Pariwisata alternatif adalah pariwisata berskala kecil dan melibatkan berbagai elemen lokal khususnya masyarakat lokal. Pembangunan pariwisata berskala kecil pada gilirannya memberikan ruang partisipasi sebesar-besarnya bagi masyarakat lokal (Telfer dan Sharpley, 2008).
Partisipasi aktif dari masyarakat menunjukkan adanya persamaan posisi dengan pengambil keputusan lainnya (pemerintah, investor, serta wisatawan) dalam upaya pembangunan pariwisata berkelanjutan.

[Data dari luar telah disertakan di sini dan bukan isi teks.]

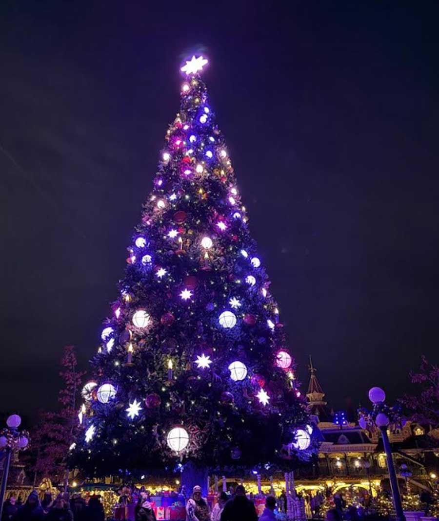 A giant Christmas tree in Disneyland adds charm to the holiday season in Paris

Berdasarkan pemikiran Derrida, persamaan posisi tersebut menandakan pelucutan atas oposisi biner (dekonstruksi). Adanya dekonstruksi dapat menjamin kebenaran dengan cara mendevaluasi bagian inferior oposisi biner, yakni masyarakat lokal dalam pengembangan pariwisata. Dengan kata lain, pendekatan dekonstruktif memastikan diikutsertakannya kelompok minoritas untuk masuk ke ranah pariwisata.Â
Imbas dari digulirkannya pariwisata masal oleh elite atau pemerintah yang berkolaborasi dengan investor, masyarakat lokal harus puas berperan sebagai objek pengembangan pariwisata, hingga dan akhirnya dengan segala keterbatasan yang ada mereka malah terlempar dari pembagian manfaat pariwisata.
Murphy (1985) menekankan dekonstruksi berupa suatu strategi dengan fokus pada pencapaian tujuan pembangunan pariwisata dalam perspektif wisatawan dan masyarakat lokal. Dalam hal ini, masyarakat lokal seharusnya mampu mengidentifikasi berbagai manfaat pariwisata untuk memenuhi kebutuhan hidupnya.

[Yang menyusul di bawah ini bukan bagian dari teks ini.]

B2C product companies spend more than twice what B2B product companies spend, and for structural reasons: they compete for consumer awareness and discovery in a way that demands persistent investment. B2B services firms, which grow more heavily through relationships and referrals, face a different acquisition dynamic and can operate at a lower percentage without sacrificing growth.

Pendekatan perencanaan ini mengakui adanya perhatian yang memasukkan kepentingan masyarakat dalam perencanaan pariwisata, atau dengan kata lain semestinya pariwisata tidak hanya memberikan kepuasan bagi wisatawan, tapi juga mempertimbangkan kebutuhan masyarakat lokal dan kualitas jasa lingkungan.

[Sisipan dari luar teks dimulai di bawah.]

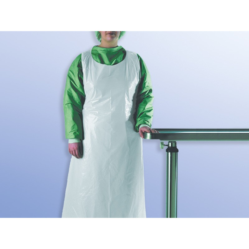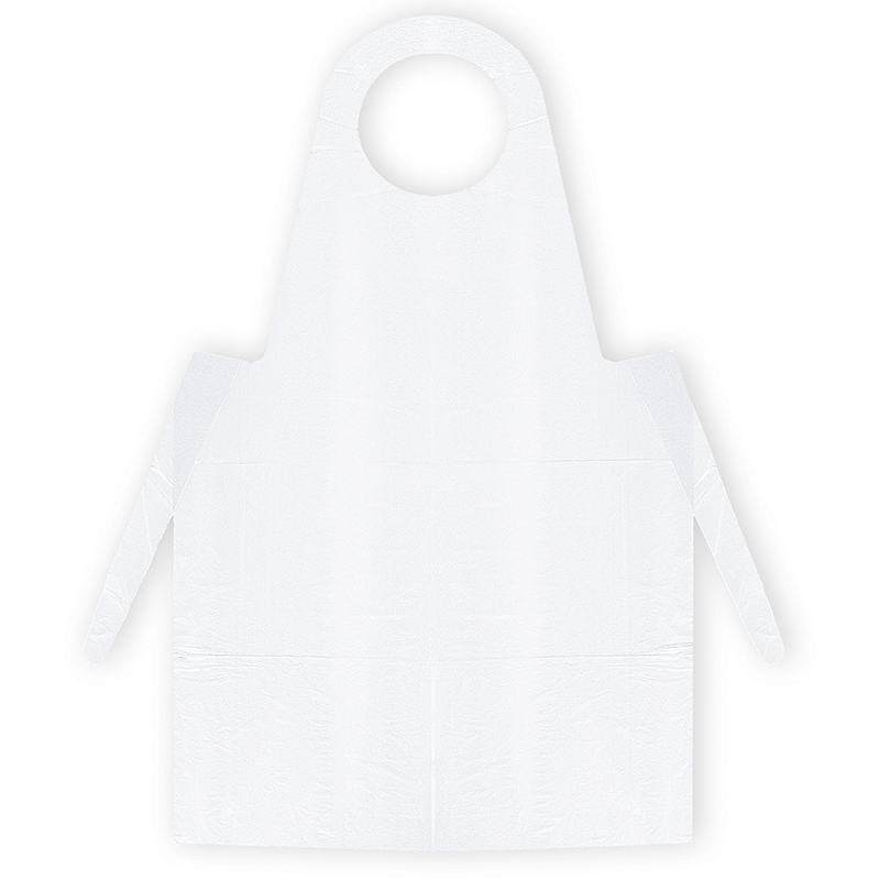 • Weiße Einmalschürze geriffelt aus PE/Thermoplast (niedere Dichte) mit einer Materialstärke von 0,02 mm.

Korten (1981) bahkan menganjurkan adanya kebutuhan terhadap pengetahuan dan nilai-nilai/kearifan lokal, dalam pemecahan permasalahan atas perkembangan pembangunan yang ada. Semakin kompleks permasalahan yang dihadapi, maka semakin besar pula kebutuhan terhadap pengetahuan dan nilai-nilai tersebut.
Penggunaan kearifan lokal untuk merumuskan pemecahan permasalahan pembangunan dikenal dengan sebutan perencanaan berbasis masyarakat lokal. Dengan kata lain, pendekatan perencanaan ini membutuhkan partisipasi dari berbagai pengambil keputusan dalam proses perencanaan pariwisata.
Itu artinya, pendekatan perencanaan ini membutuhkan partisipasi dari berbagai pengambil keputusan dalam proses perencanaan pariwisata berkelanjutan.Â
Adanya partisipasi aktif dari masyarakat lokal dalam proses perencanaan juga diharapkan mampu mengidentifikasi berbagai dampak pariwisata, untuk kemudian dapat merumuskan strategi dan program guna mengoptimalkan dampak positif dan meminimalisir dampak negatif yang ditimbulkan oleh pengembangan destinasi pariwisata.